Exactly reproduce the lines of the listing below from the one containing "夜中からシトシト雨が降り、肌" through the one containing "钢丝绳是由多层钢丝捻成股,再". Skip the images.

The input ->

▬▬▬

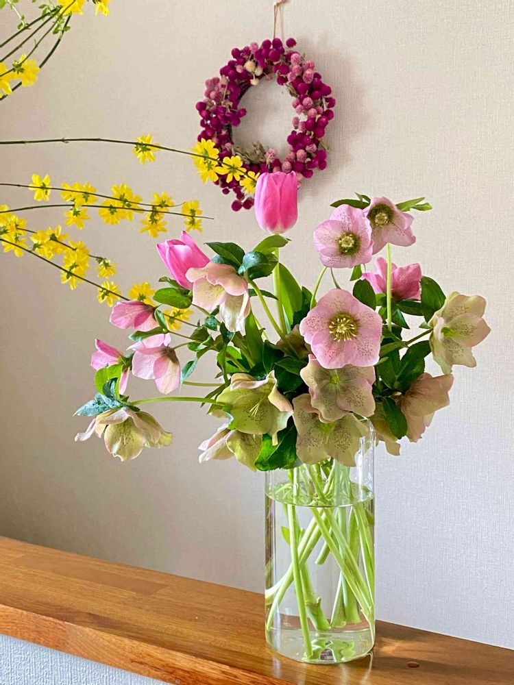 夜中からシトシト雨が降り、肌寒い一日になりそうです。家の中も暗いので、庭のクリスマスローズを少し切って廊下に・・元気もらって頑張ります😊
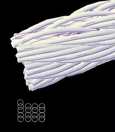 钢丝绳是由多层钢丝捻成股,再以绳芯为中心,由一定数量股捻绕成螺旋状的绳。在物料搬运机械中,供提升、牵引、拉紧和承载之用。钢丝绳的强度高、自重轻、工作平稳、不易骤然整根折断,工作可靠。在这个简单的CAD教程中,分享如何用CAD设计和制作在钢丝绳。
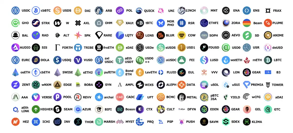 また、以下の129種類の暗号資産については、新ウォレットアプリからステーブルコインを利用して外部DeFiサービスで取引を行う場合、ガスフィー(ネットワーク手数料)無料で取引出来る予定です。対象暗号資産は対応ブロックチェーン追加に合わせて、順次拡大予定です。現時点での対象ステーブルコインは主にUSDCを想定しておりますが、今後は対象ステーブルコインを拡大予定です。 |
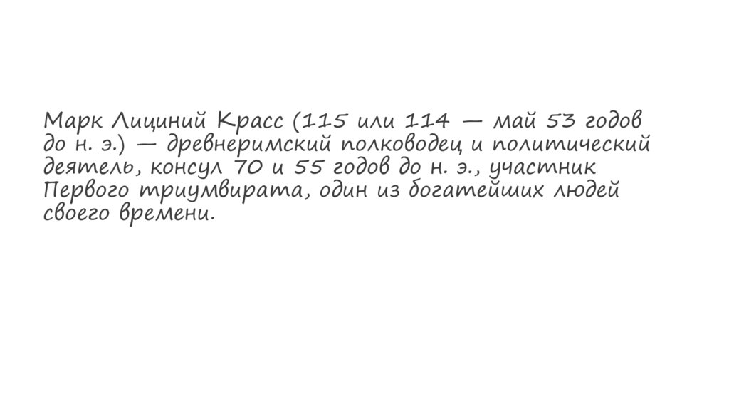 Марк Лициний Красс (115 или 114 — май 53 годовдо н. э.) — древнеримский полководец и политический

▬▬▬

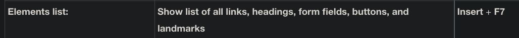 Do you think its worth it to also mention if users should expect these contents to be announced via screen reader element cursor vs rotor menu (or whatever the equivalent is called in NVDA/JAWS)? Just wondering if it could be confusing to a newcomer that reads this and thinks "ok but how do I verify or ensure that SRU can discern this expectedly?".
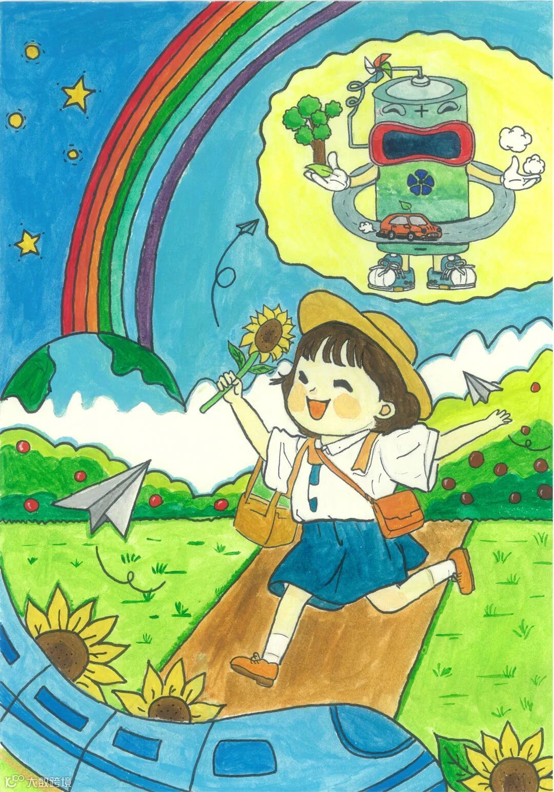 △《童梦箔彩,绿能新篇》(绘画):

▬▬▬

Solution for this task ->
 夜中からシトシト雨が降り、肌寒い一日になりそうです。家の中も暗いので、庭のクリスマスローズを少し切って廊下に・・元気もらって頑張ります😊
 钢丝绳是由多层钢丝捻成股,再以绳芯为中心,由一定数量股捻绕成螺旋状的绳。在物料搬运机械中,供提升、牵引、拉紧和承载之用。钢丝绳的强度高、自重轻、工作平稳、不易骤然整根折断,工作可靠。在这个简单的CAD教程中,分享如何用CAD设计和制作在钢丝绳。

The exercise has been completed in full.